- **Records**
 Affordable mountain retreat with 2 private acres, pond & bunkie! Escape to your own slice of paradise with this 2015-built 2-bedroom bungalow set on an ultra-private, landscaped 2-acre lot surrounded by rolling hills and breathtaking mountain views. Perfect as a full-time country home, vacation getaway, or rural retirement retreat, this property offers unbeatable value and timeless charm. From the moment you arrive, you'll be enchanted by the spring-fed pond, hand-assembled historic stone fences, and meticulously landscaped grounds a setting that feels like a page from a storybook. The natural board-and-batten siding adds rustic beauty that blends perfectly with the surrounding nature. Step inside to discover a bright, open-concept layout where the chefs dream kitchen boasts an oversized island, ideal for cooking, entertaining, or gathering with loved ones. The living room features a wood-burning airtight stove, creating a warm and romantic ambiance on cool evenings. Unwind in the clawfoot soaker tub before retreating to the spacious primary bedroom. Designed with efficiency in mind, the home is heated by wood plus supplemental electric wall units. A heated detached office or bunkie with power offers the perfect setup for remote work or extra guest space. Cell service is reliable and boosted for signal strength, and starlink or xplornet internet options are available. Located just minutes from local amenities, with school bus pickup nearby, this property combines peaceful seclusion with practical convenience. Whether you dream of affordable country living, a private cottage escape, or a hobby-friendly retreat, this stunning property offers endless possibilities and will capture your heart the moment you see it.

...

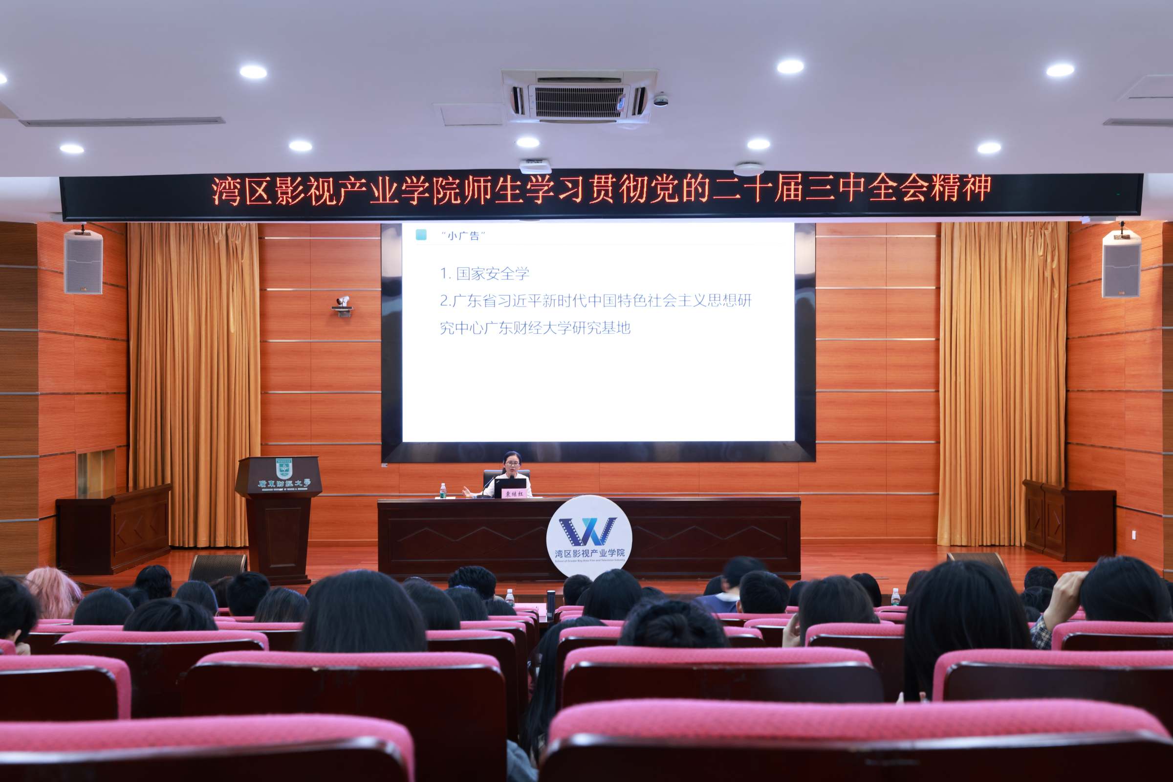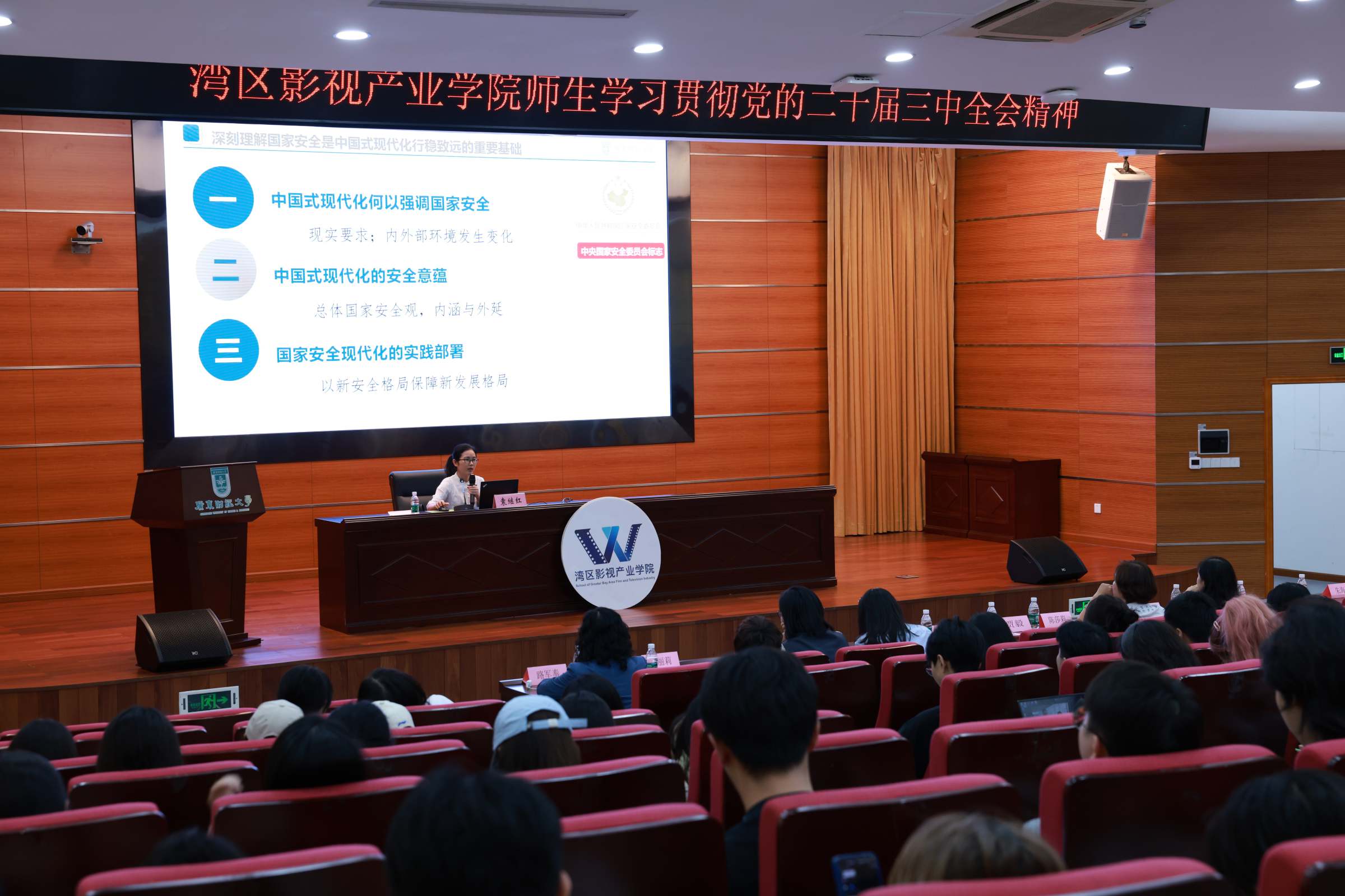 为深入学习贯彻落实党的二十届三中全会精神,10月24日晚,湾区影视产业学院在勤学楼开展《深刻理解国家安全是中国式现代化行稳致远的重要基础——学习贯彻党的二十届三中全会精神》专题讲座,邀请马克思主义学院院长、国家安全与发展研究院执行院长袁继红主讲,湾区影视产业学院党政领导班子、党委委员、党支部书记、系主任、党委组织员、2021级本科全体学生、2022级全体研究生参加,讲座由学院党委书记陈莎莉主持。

==

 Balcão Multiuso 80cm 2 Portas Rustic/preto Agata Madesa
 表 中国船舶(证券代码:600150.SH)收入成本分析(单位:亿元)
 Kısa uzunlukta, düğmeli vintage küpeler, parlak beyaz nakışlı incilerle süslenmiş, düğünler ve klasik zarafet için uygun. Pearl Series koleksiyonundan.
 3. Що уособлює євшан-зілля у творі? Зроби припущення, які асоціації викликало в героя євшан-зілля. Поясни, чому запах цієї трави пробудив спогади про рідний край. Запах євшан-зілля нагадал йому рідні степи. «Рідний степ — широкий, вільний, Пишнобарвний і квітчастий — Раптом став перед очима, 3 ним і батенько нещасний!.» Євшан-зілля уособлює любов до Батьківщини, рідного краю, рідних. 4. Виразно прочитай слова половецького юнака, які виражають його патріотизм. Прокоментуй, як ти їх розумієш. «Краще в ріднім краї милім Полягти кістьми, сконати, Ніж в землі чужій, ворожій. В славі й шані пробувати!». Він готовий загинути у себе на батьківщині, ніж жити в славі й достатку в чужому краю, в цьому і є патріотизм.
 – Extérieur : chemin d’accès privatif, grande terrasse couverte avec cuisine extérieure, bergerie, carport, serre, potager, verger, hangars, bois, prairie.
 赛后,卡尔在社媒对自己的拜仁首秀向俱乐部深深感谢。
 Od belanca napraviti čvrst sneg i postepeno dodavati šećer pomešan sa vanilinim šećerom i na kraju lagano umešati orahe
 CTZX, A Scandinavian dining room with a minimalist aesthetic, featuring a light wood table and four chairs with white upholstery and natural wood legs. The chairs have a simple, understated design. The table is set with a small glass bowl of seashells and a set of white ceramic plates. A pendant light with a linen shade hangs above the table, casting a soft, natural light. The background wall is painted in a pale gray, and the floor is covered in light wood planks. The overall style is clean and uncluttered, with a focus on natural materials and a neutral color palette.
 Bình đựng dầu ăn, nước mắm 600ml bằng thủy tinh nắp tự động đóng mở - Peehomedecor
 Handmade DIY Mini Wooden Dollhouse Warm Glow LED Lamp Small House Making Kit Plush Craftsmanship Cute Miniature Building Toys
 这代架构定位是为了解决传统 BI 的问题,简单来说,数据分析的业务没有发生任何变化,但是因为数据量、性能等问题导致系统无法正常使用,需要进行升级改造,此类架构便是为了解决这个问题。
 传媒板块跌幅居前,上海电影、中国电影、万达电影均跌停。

- **What you should do**
With the line holding "hangars, bois, prairie." as the first and the line holding "传媒板块跌幅居前,上海电影、中国电影、万达电影均跌停。" as the last, please transcribe exactly the lines of the material above in that range and nothing else.

- **Exercise result**
 – Extérieur : chemin d’accès privatif, grande terrasse couverte avec cuisine extérieure, bergerie, carport, serre, potager, verger, hangars, bois, prairie.
 赛后,卡尔在社媒对自己的拜仁首秀向俱乐部深深感谢。
 Od belanca napraviti čvrst sneg i postepeno dodavati šećer pomešan sa vanilinim šećerom i na kraju lagano umešati orahe
 CTZX, A Scandinavian dining room with a minimalist aesthetic, featuring a light wood table and four chairs with white upholstery and natural wood legs. The chairs have a simple, understated design. The table is set with a small glass bowl of seashells and a set of white ceramic plates. A pendant light with a linen shade hangs above the table, casting a soft, natural light. The background wall is painted in a pale gray, and the floor is covered in light wood planks. The overall style is clean and uncluttered, with a focus on natural materials and a neutral color palette.
 Bình đựng dầu ăn, nước mắm 600ml bằng thủy tinh nắp tự động đóng mở - Peehomedecor
 Handmade DIY Mini Wooden Dollhouse Warm Glow LED Lamp Small House Making Kit Plush Craftsmanship Cute Miniature Building Toys
 这代架构定位是为了解决传统 BI 的问题,简单来说,数据分析的业务没有发生任何变化,但是因为数据量、性能等问题导致系统无法正常使用,需要进行升级改造,此类架构便是为了解决这个问题。
 传媒板块跌幅居前,上海电影、中国电影、万达电影均跌停。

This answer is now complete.